The pH values of all slurry samples are >7; therefore, Pb is the only metal exceeding the permitted values in 4 of the 38 samples analysed. The contents of the other elements do not exceed the permitted values. Apart from the metal contents envisaged by the present legislation, two other elements (As and Sb) are present in significant amounts in the mine ponds and could pose a risk for the environment. Moreover, As and Sb are metalloids whose degree of mobilisation increases with the pH, as is the case for the study area, where alkaline pH values have been measured.

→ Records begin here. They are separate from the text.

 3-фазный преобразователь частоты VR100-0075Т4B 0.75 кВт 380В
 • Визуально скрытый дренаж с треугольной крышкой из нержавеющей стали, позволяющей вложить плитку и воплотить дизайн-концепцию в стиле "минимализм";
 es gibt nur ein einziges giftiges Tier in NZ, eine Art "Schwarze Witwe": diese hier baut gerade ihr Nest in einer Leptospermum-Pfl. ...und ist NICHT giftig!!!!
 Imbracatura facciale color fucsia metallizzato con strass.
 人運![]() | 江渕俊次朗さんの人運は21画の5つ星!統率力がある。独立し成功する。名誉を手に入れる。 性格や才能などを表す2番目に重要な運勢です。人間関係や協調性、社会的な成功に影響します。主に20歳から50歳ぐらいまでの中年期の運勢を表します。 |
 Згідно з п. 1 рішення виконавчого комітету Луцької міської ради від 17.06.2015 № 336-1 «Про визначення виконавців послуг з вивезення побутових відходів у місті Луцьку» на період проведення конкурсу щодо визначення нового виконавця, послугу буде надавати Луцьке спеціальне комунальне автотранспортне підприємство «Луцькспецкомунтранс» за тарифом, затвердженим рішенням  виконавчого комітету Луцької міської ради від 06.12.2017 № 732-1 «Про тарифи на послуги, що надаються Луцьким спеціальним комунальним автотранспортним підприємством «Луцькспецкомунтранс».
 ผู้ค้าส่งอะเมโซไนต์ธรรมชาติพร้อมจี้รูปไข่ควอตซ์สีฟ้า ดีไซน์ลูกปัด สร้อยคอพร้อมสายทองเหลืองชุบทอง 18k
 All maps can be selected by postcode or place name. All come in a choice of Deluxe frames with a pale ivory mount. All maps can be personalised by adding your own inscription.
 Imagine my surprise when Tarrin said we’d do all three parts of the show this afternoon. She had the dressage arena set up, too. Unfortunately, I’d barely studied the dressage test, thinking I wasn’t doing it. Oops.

However, the pseudo-total As concentrations are not a good indicators of mobilisation and the potential environmental impact, because As fractions (As(III) and As(V)) differ in their solubility, particularly under different environmental conditions, e.g., [
49]. In order to properly discriminate the degree of arsenic mobilisation and potential risk of transfer to aqueous systems, fractionation studies and leaching tests should be used. Similar conclusions can be obtained for Sb, as their degree of mobilisation also depends on the different Sb fraction (Sb(III) and Sb(V)) concentrations. This is beyond the scope of this work and, consequently, has not been considered here, but they would be envisaged for future works in the area. However, it is worthy to say that a recent work about the physicochemical properties of both surface and groundwater discharge points around the mine ponds [
50] has revealed very low (<1 µg/L) concentration values of the total As and Sb, independently of the climate conditions (different field sampling campaigns were carried out to evaluate potential differences between the wet and dry periods during the year). The results obtained by the authors seem to confirm that, despite the high concentration values of the metalloids found in the pond samples, its degree of mobilisation towards the aqueous systems is very reduced. This seems to exclude the polluting potential of these ponds in relation to the surrounding aqueous systems, but its dispersion from mobilisation agents different from water cannot be completely ruled out. As stated in [
7], the entire pond perimeter is exposed to the combined effects of water, wind, gravity and anthropogenic actions. Consequently, measures to restore and/or stabilise the ponds should be undertaken to reduce the high rate of erosion and the dispersion of potentially toxic metals.
In summary, although the minor polluting potential of these ponds is evident, the quantities are significant enough to require a detailed geo-environmental study and the implementation of appropriate management to minimise the risk both for the environment and for the native population and visitors.